-------- DATA SECTION

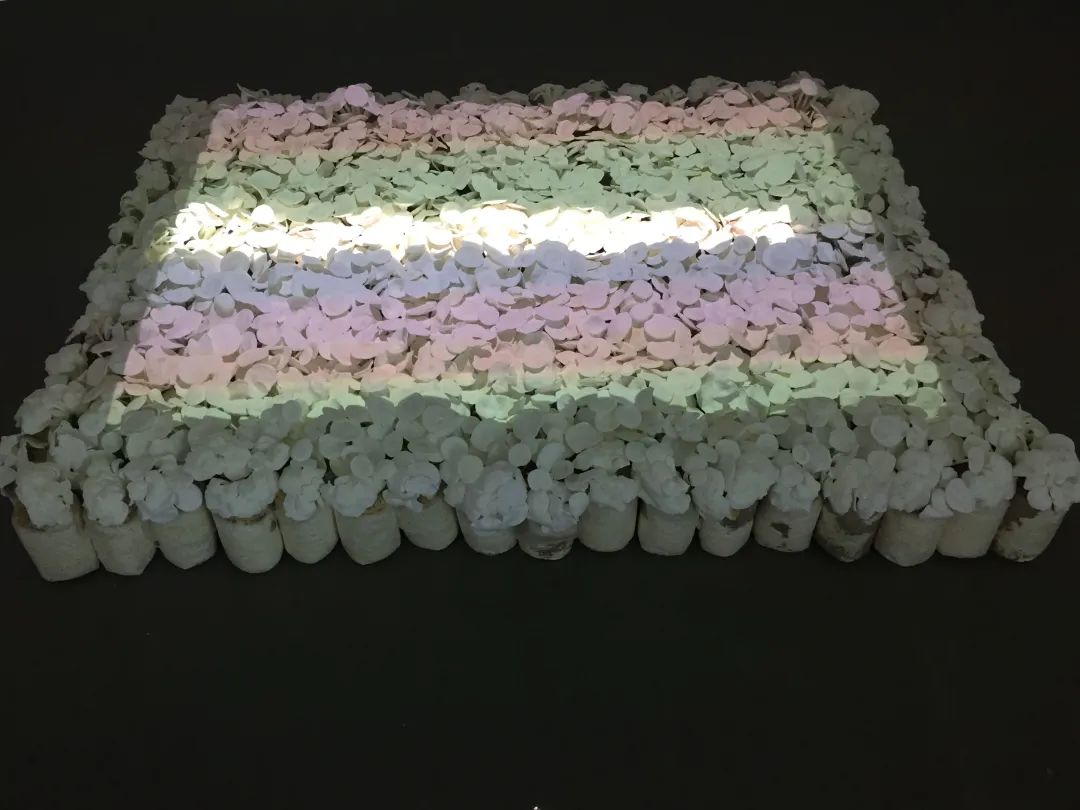 探微小组——张茂源、王栩儿、邵青、高淑启、何桢妮 《芳芳》 平菇/影像投影/摄影 2.5mx1.5m(影像投影),1mx1.5 m(摄影) 2021年5月作品自述:谈及女性,我们总不自觉地镀上一层温婉柔美的母性光辉,她们的社会角色是母亲,是妻子,是其他的种种,对待这些身份的认同也更大于“一个女人“本身。面对女性疾病,中年女性与年轻一代不同,也许是羞于启齿,妈妈辈的女人往往选择独自承受这些大大小小的病痛,就连伴侣也知之甚少。作品《芳芳》中的语言便是这些患病女性的诉说,通过展示大众眼里知性温婉独挡一面的女人们与疾病相处的点滴,让观者对于女性疾病有一个更富有“温度”的认识。
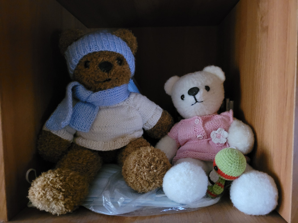 Заяц в красном комбезе связан из ADELIA, в желтом сарафанчике - из детской Baby Smiles
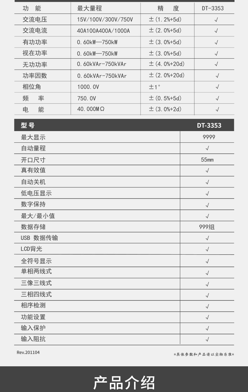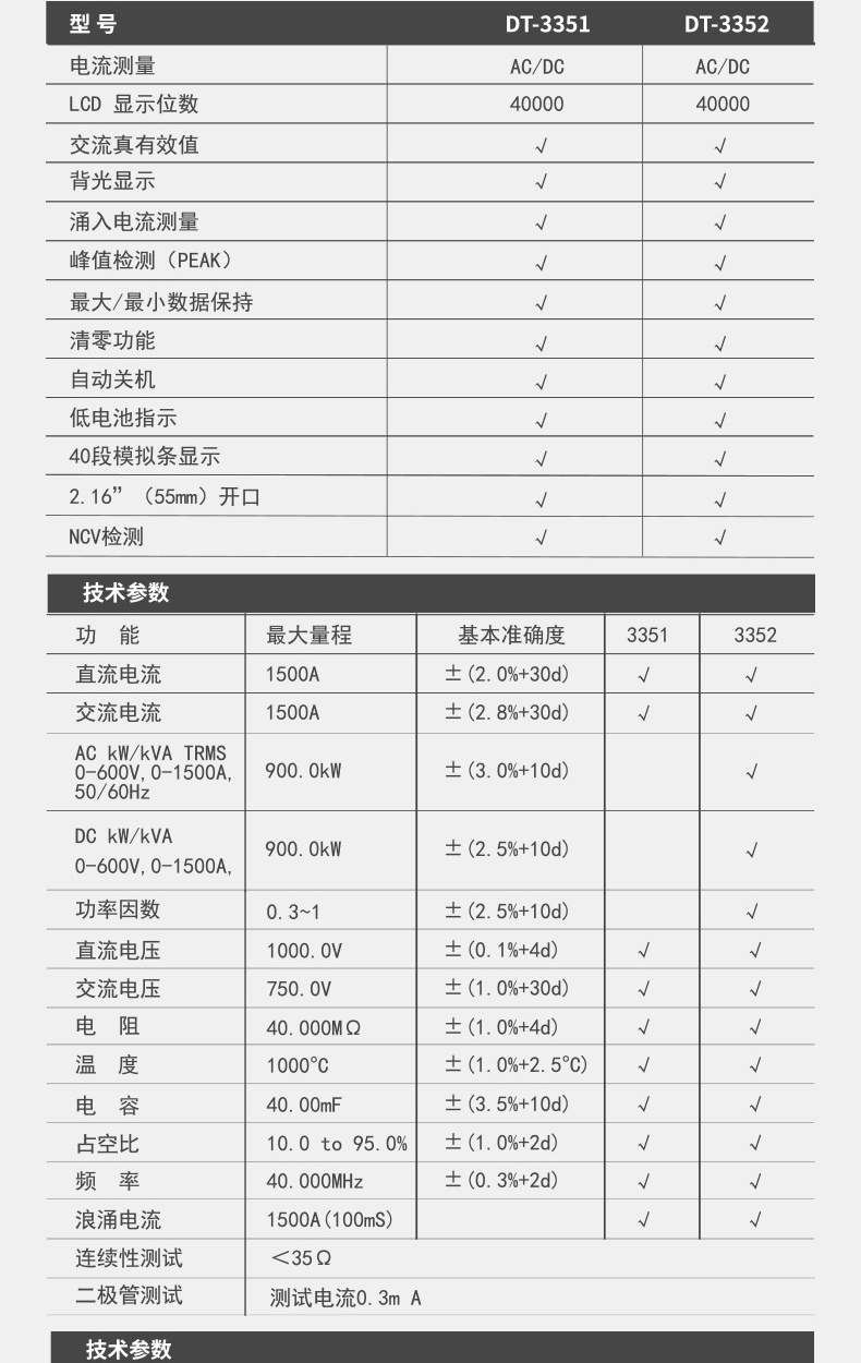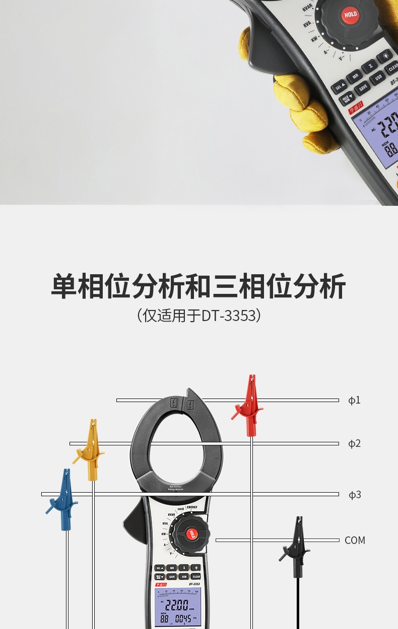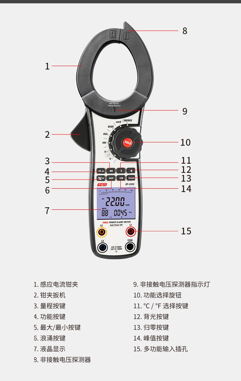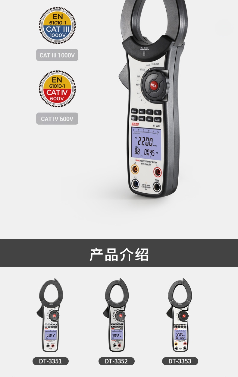 商品名称:华盛昌(CEM)DT-3353数字钳形表高精度真有效值电流表全自动数显交流大电流电流表功率表 单位:台

----------------

TO DO: Retype the line containing "Заяц в красном" and all lines after it through the end of the material, exactly and only those, leaving out pictures.

TASK RESPONSE:
 Заяц в красном комбезе связан из ADELIA, в желтом сарафанчике - из детской Baby Smiles
 商品名称:华盛昌(CEM)DT-3353数字钳形表高精度真有效值电流表全自动数显交流大电流电流表功率表 单位:台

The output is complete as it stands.